Task to complete: Print the listing below only from the line that has "Valentine's day gift" through the line that has "- Диаметр дымохода, (мм) 150 мм.", exactly, and drop any picture.

Source material:
··········

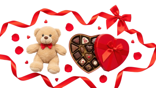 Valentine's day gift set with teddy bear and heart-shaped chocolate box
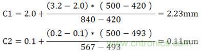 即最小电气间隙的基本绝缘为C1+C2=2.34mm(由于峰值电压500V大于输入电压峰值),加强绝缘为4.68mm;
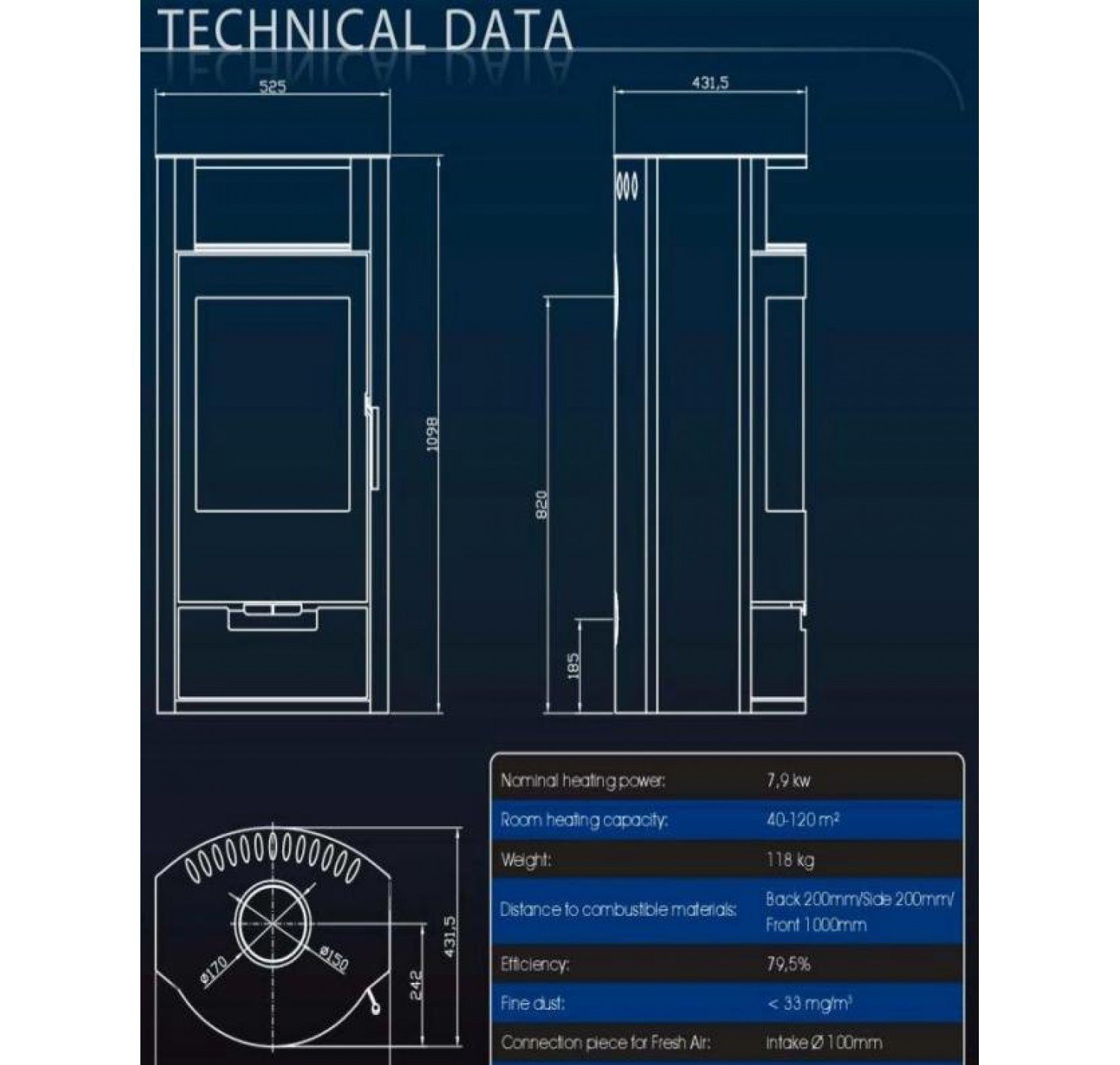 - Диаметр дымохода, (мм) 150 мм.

··········

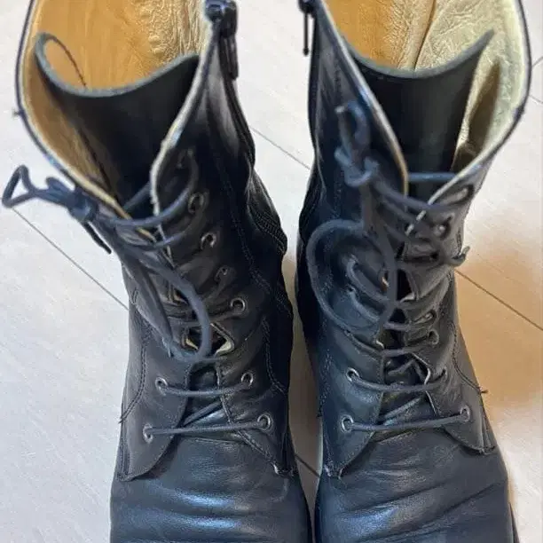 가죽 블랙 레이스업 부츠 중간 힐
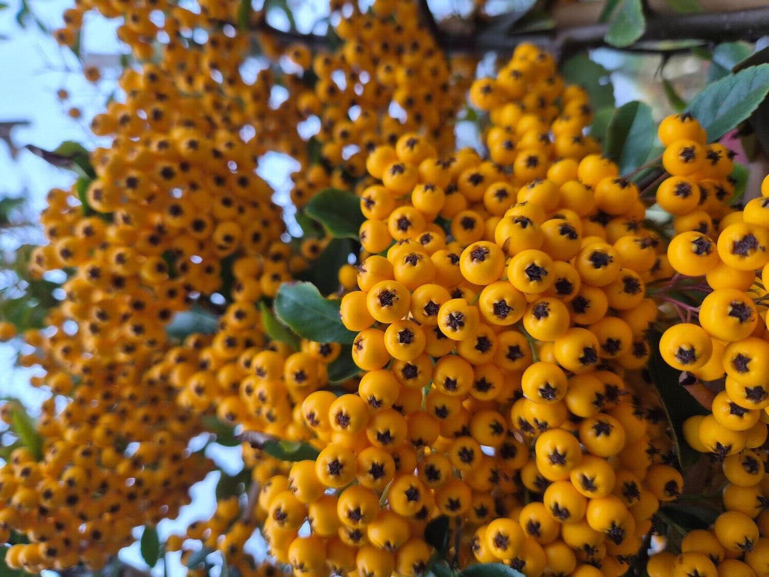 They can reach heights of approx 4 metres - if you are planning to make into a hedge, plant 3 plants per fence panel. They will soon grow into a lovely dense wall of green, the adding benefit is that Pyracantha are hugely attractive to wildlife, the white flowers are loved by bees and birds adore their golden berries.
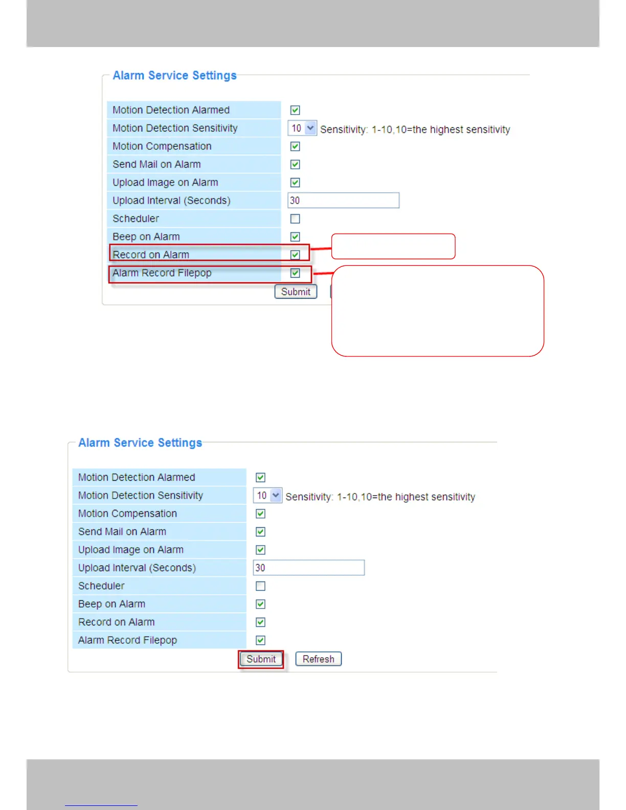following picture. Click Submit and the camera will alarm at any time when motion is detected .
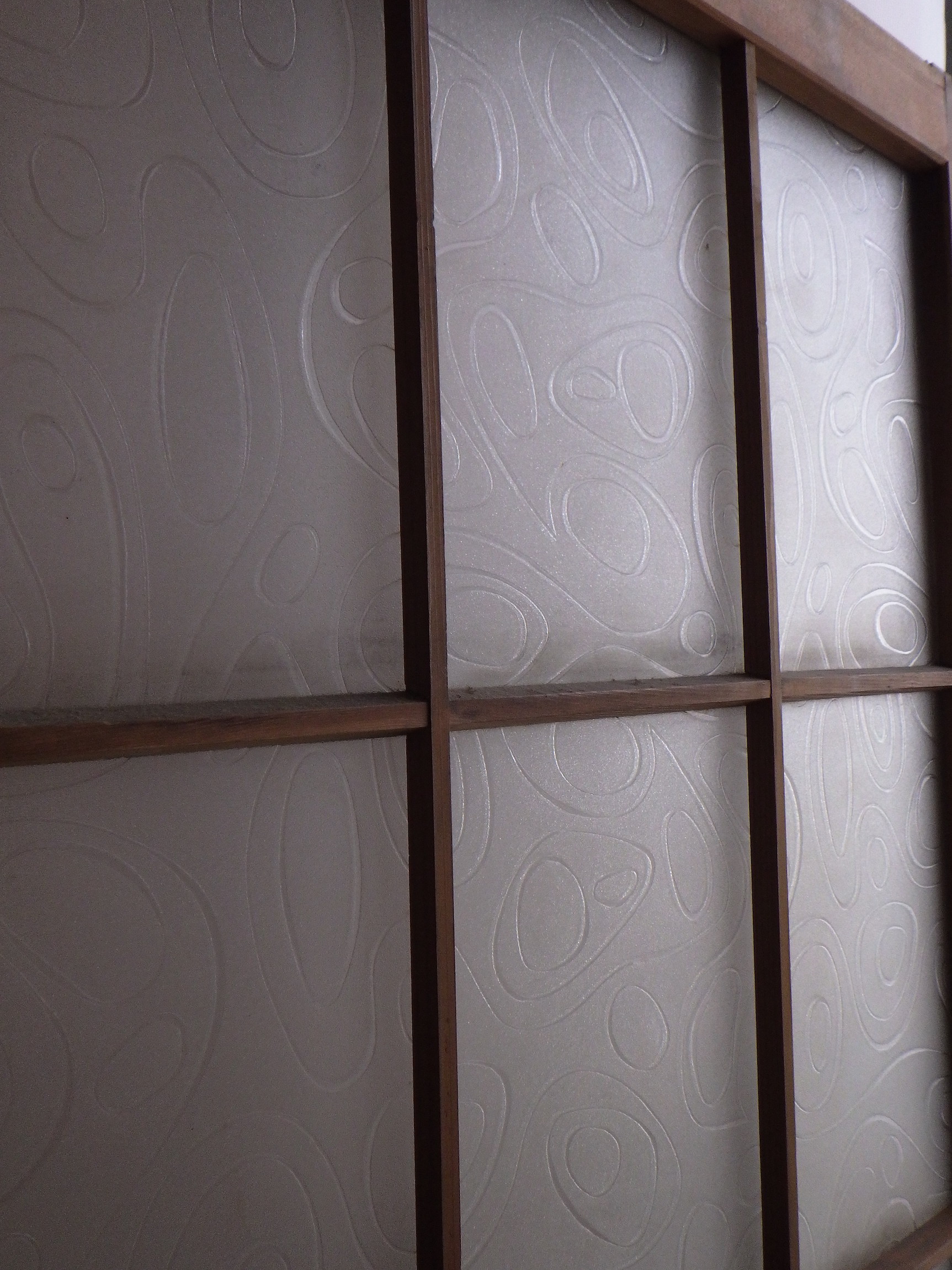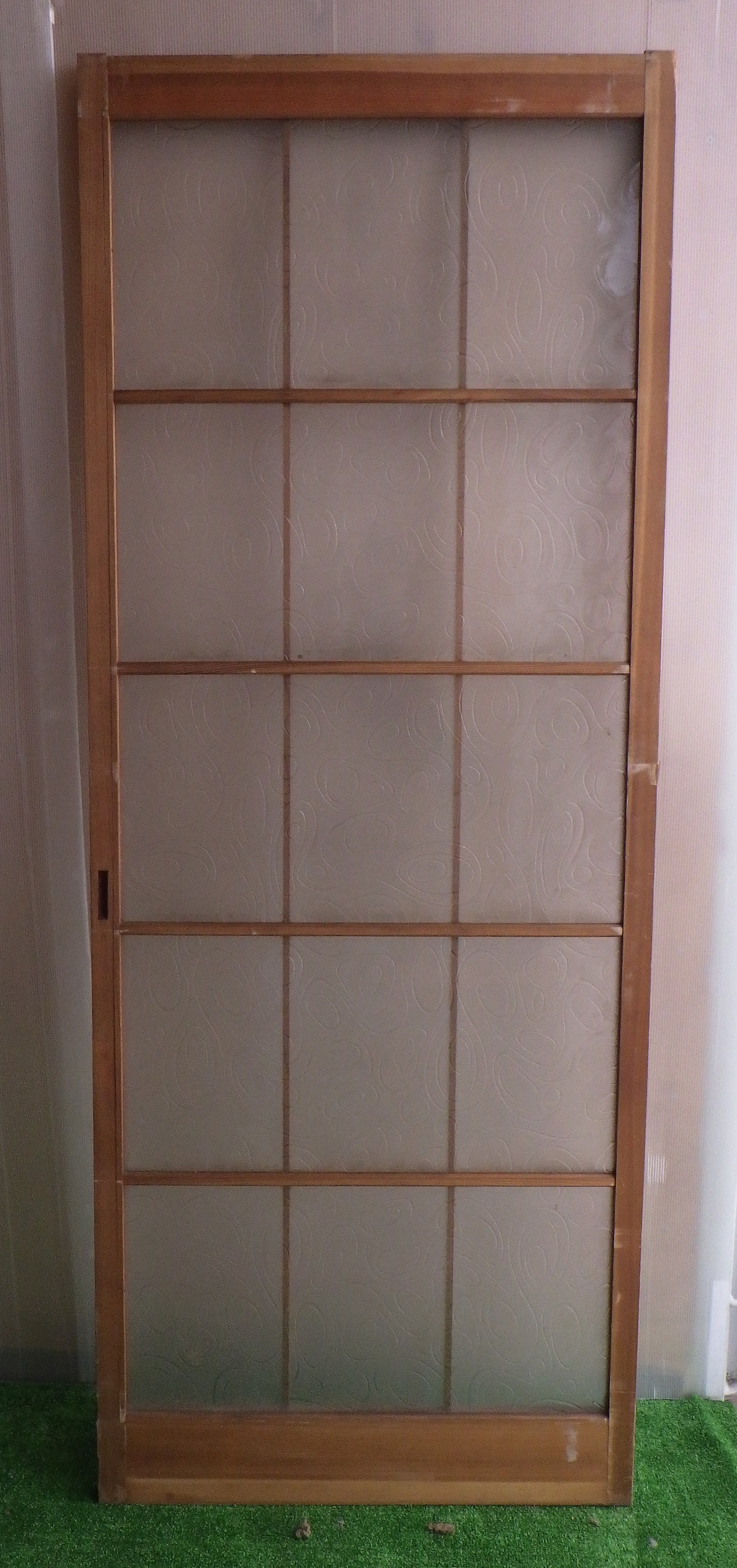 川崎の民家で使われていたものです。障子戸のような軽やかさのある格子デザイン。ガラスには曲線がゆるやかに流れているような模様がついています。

··········

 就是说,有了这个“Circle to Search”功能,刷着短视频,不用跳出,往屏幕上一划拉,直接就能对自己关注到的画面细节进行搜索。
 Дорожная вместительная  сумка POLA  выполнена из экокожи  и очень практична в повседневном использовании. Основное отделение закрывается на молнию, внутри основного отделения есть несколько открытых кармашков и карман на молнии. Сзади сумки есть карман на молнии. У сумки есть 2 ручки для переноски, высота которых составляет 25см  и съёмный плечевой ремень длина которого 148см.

··········

Result for this task:
 Valentine's day gift set with teddy bear and heart-shaped chocolate box
 即最小电气间隙的基本绝缘为C1+C2=2.34mm(由于峰值电压500V大于输入电压峰值),加强绝缘为4.68mm;
 - Диаметр дымохода, (мм) 150 мм.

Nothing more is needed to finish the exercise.